GIVEN DATA:
○ ○ ○ ○

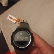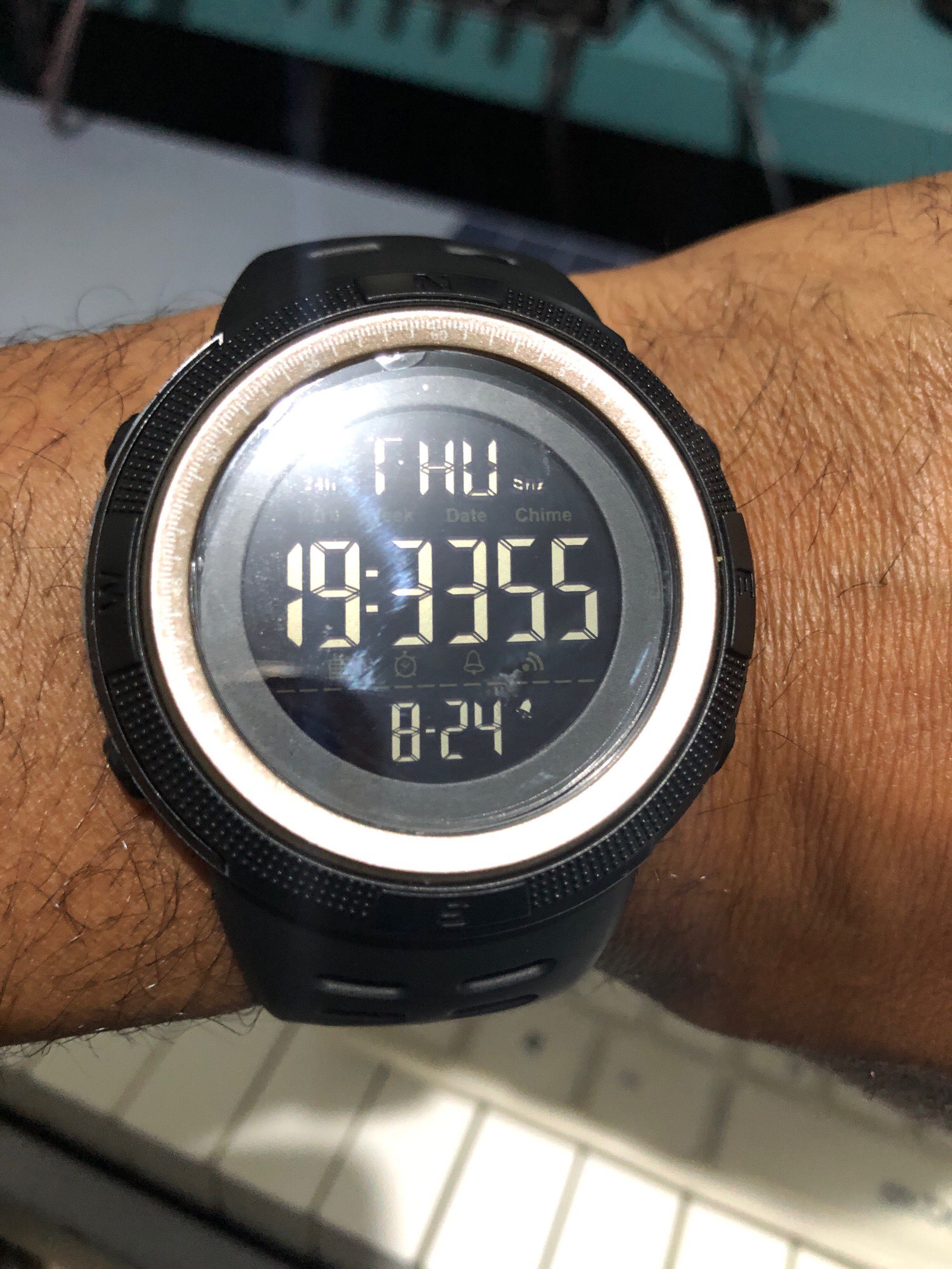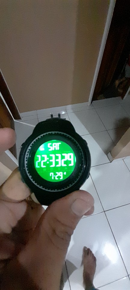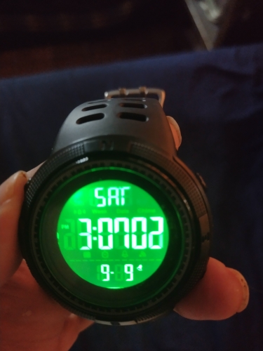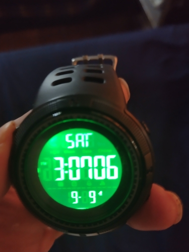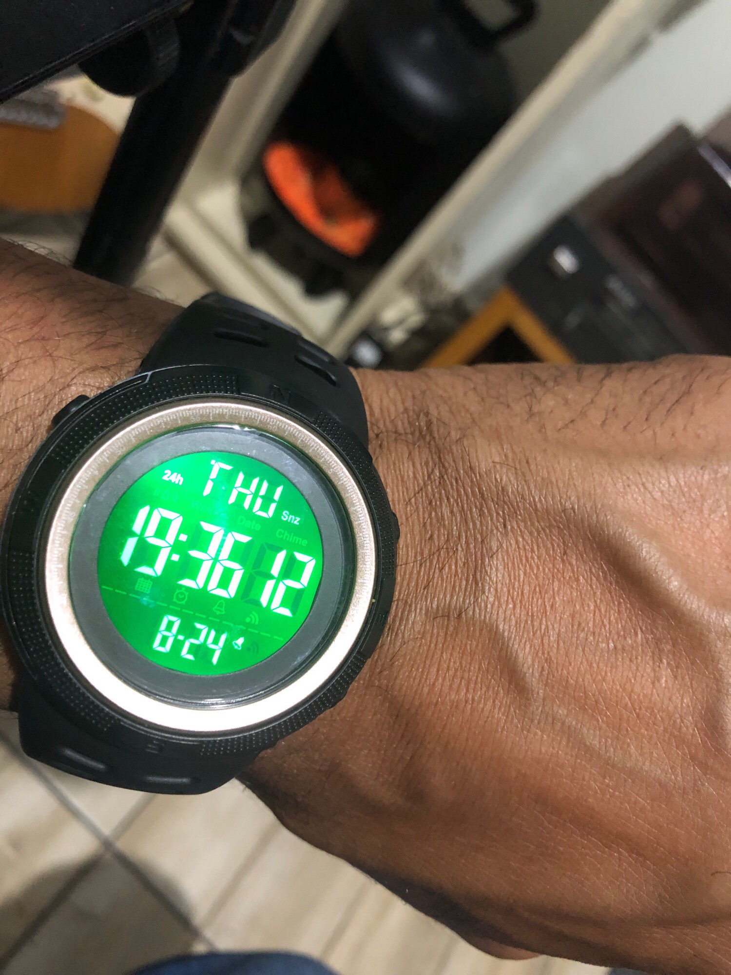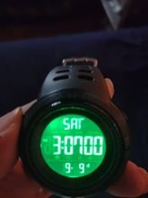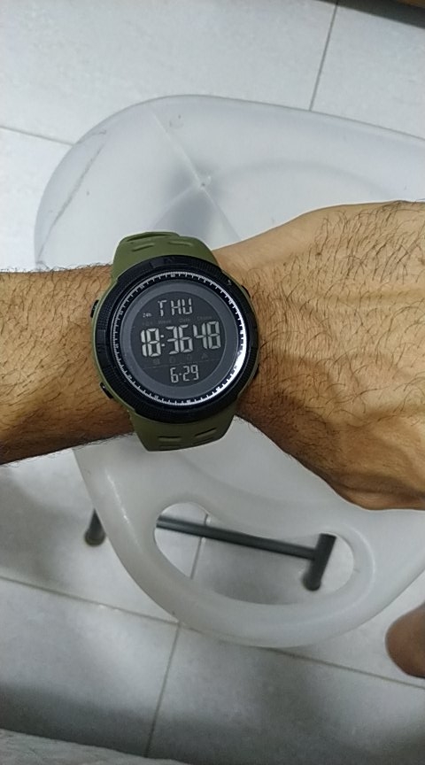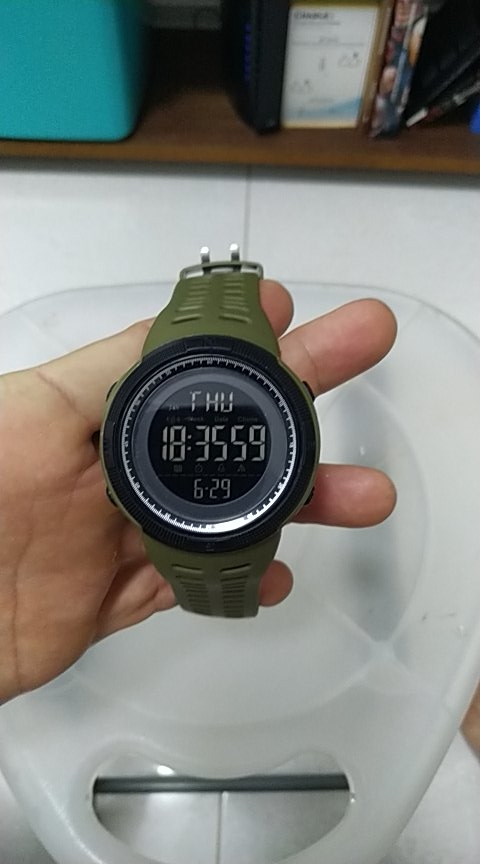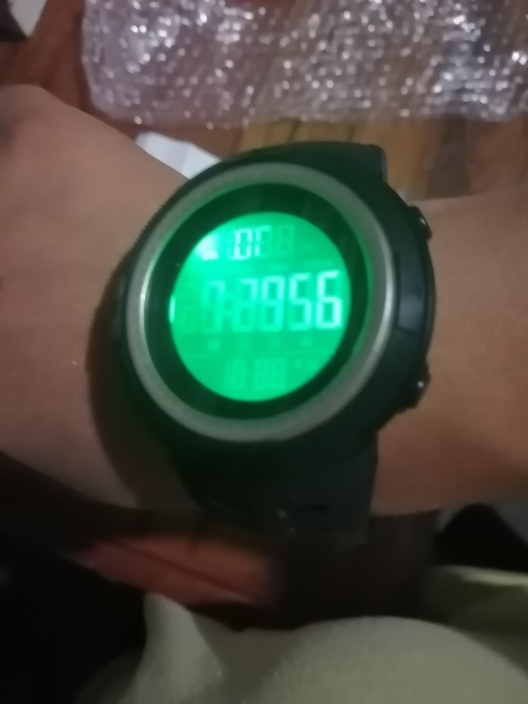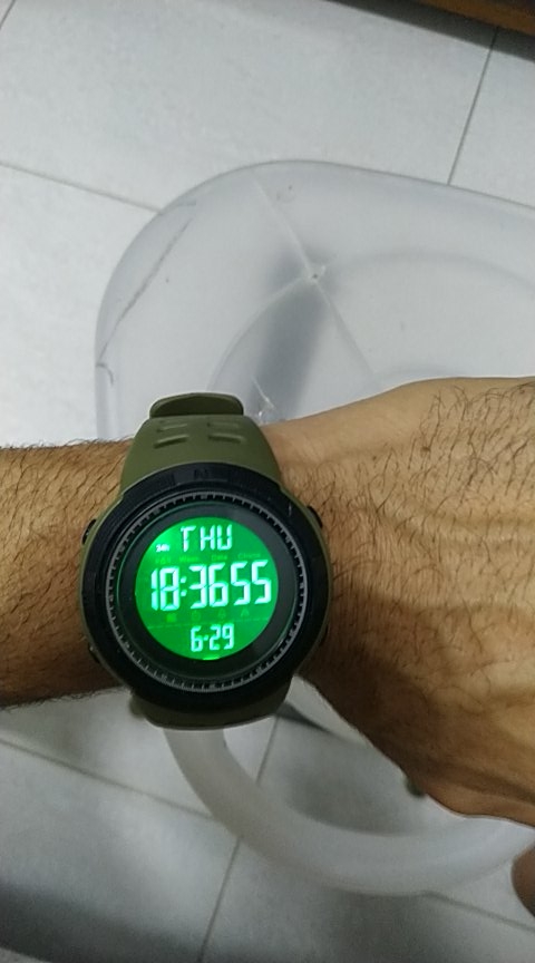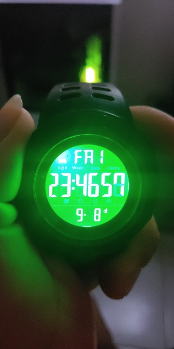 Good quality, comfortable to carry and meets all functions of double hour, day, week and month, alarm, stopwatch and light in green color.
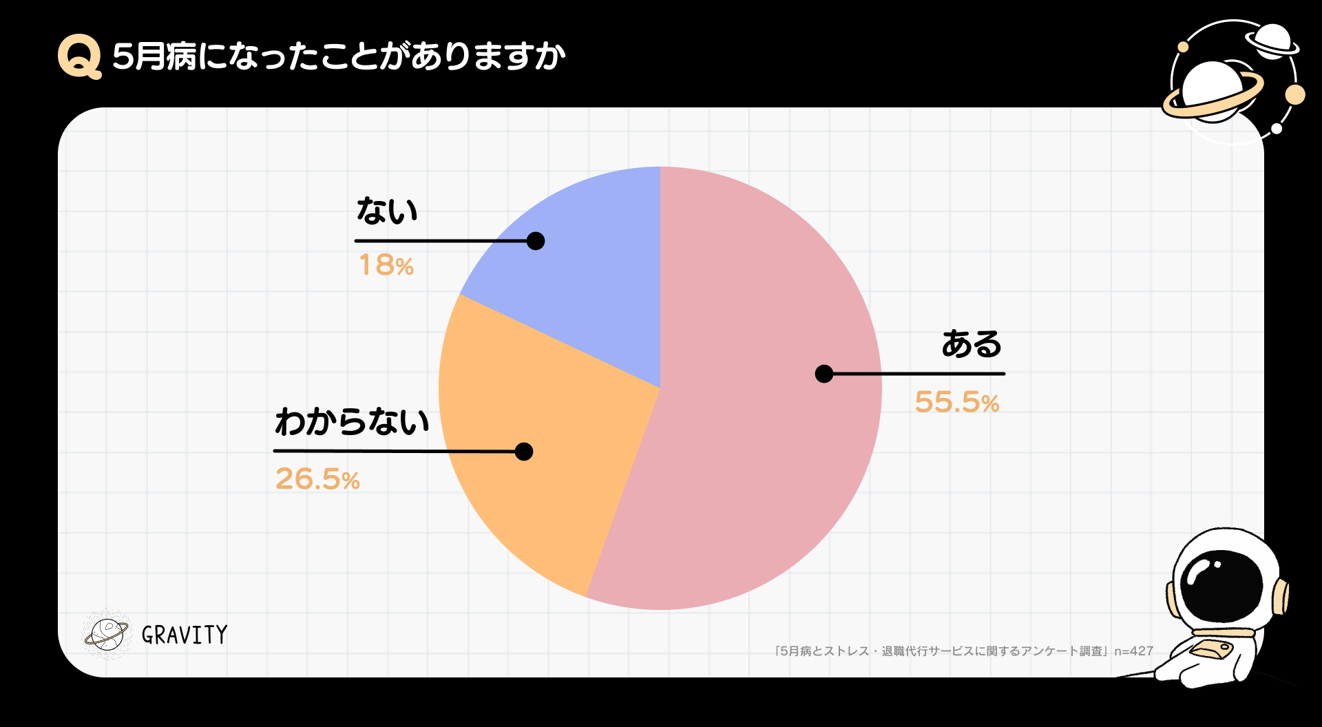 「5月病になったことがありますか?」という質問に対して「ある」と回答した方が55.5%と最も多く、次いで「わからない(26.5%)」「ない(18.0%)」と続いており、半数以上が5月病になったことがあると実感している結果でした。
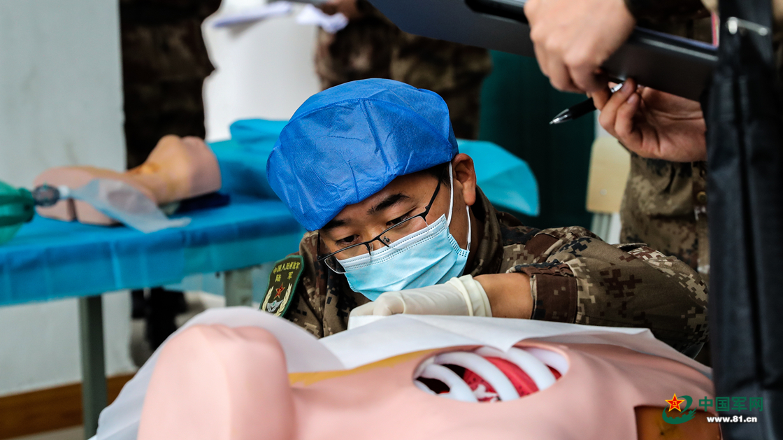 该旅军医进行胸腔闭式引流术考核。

○ ○ ○ ○

TASK STATEMENT:
The pictures alone are to be left out when the data above is copied; all else must match exactly.

ANSWER FOR THIS EXERCISE:
 Good quality, comfortable to carry and meets all functions of double hour, day, week and month, alarm, stopwatch and light in green color.
 「5月病になったことがありますか?」という質問に対して「ある」と回答した方が55.5%と最も多く、次いで「わからない(26.5%)」「ない(18.0%)」と続いており、半数以上が5月病になったことがあると実感している結果でした。
 该旅军医进行胸腔闭式引流术考核。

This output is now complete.